Tatsugoro dan yang lainnya menangis melihat Sarah yang sudah membulatkan tekad dan mereka tidak bisa menghentikan tindakan perempuan tersebut.
"Jika aku berumur panjang dan menggantikan Nona Sarah untuk menjaga Tuan Muda Nagato, aku akan membersihkan nama baik Tuan Pandu di Kai dan membunuh pengkhianat yang sebenarnya! Aku berjanji akan merebut Azbec dari tangan Kazan dan Black Madia!" Tatsugoro mengepalkan tangannya sambil menahan tangisannya.
Sarah hanya tersenyum melihat Nagato kemudian dengan air mata yang tertahan dirinya melepaskan tangan Nagato.
"Tolong jaga Nagato." Sarah melepaskan genggaman tangan Nagato.

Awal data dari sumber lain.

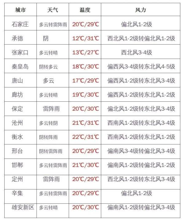 今天白天到夜間,全省多云轉陰,張家口南部、唐山、秦皇島和保定、廊坊及以南地區有雷陣雨或陣雨,局地有中雨,雷雨時局地伴有短時強降水、短時大風、冰雹等強對流天氣。最高溫度,張家口北部和西部、承德北部、保定西北部19~26℃,其他地區27~31℃。最低溫度,張家口、承德、保定西北部3~14℃,其他地區15~21℃。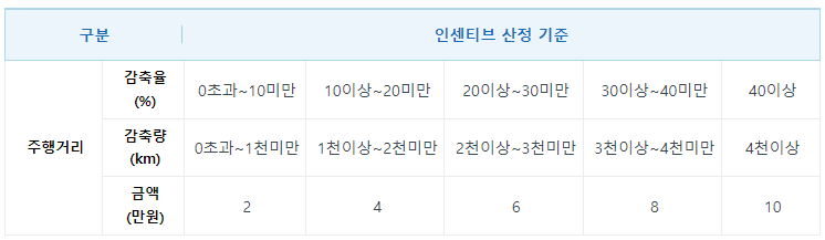 주행거리 인센티브는 감축률, 감출량 중 유리한 실적으로 적용됩니다.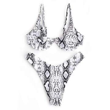 ZAFUL Women's Marble Print Underwire High Cut Push Up Bikini Set Swimsuit (B-Snake, S)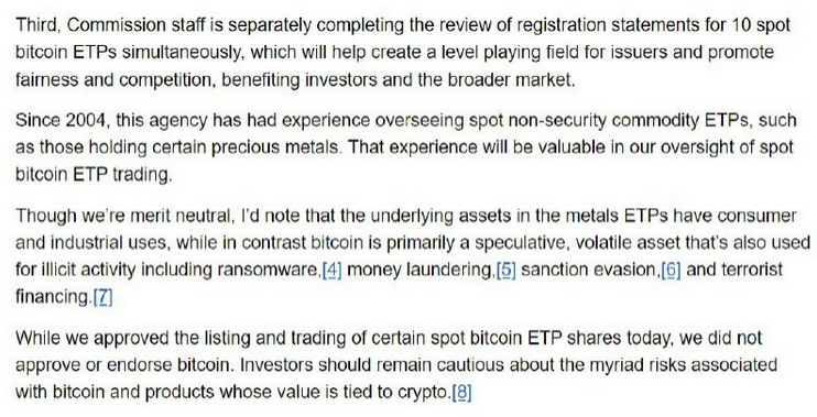 The SEC's remarks are GREAT NEWS for BTC holders.

"Ibu?" Nagato masih belum mengerti apa yang sebenarnya mereka bicarakan. Tetapi ketika melihat air mata jatuh membasahi wajah cantik ibunya. Nagato menangis dan tidak ingin berpisah dengan ibunya tersebut.

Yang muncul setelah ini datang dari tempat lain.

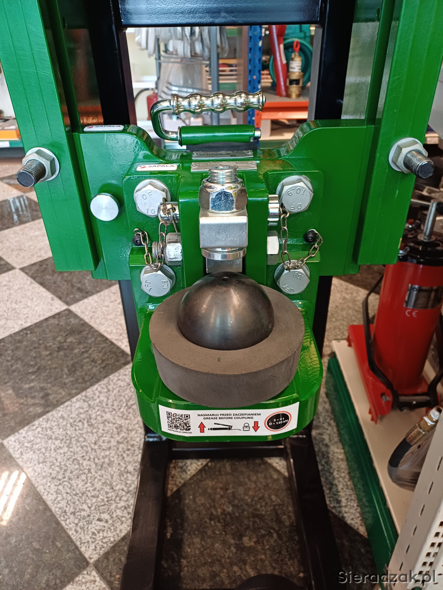 Zestaw w kolorze zielonym zawiera zmontowany zaczep kulowy k80 z płytą adaptacyjną, gotowy do zainstalowania w ramie ciągnika: Waga - 50kg

"Tidak bu! Nagato akan tinggal ditempat ini bersama ibu dan ayah!" Nagato memeluk tubuh ibunya dan menangis tidak ingin berpisah dengan ibunya.
"Ibu, kumohon jangan pergi bukankah ibu ingin melihat Nagato tumbuh dewasa?!" Nagato tidak ingin melepaskan tubuh ibunya tetapi dirinya pingsan karena sihir impian yang digunakan Sarah.
"Kalian pergilah dan bawa Nagato bersama kalian!" Sarah tersenyum dengan air mata yang membasahi wajahnya sebelum menghilang dari pandangan mereka.
"Nona Sarah? Dimana?" Serlin terkejut melihat Sarah yang menghilang.
Kemudian Tatsugoro membawa tubuh Nagato dan menyuruh mereka untuk segera melarikan diri ke Kekaisaran Kai.
Mereka terus berlari menjauh dari Hutan Suci menuju Kekaisaran Kai dengan harapan Kazan dan bawahannya tidak mengejar mereka yang membawa Nagato.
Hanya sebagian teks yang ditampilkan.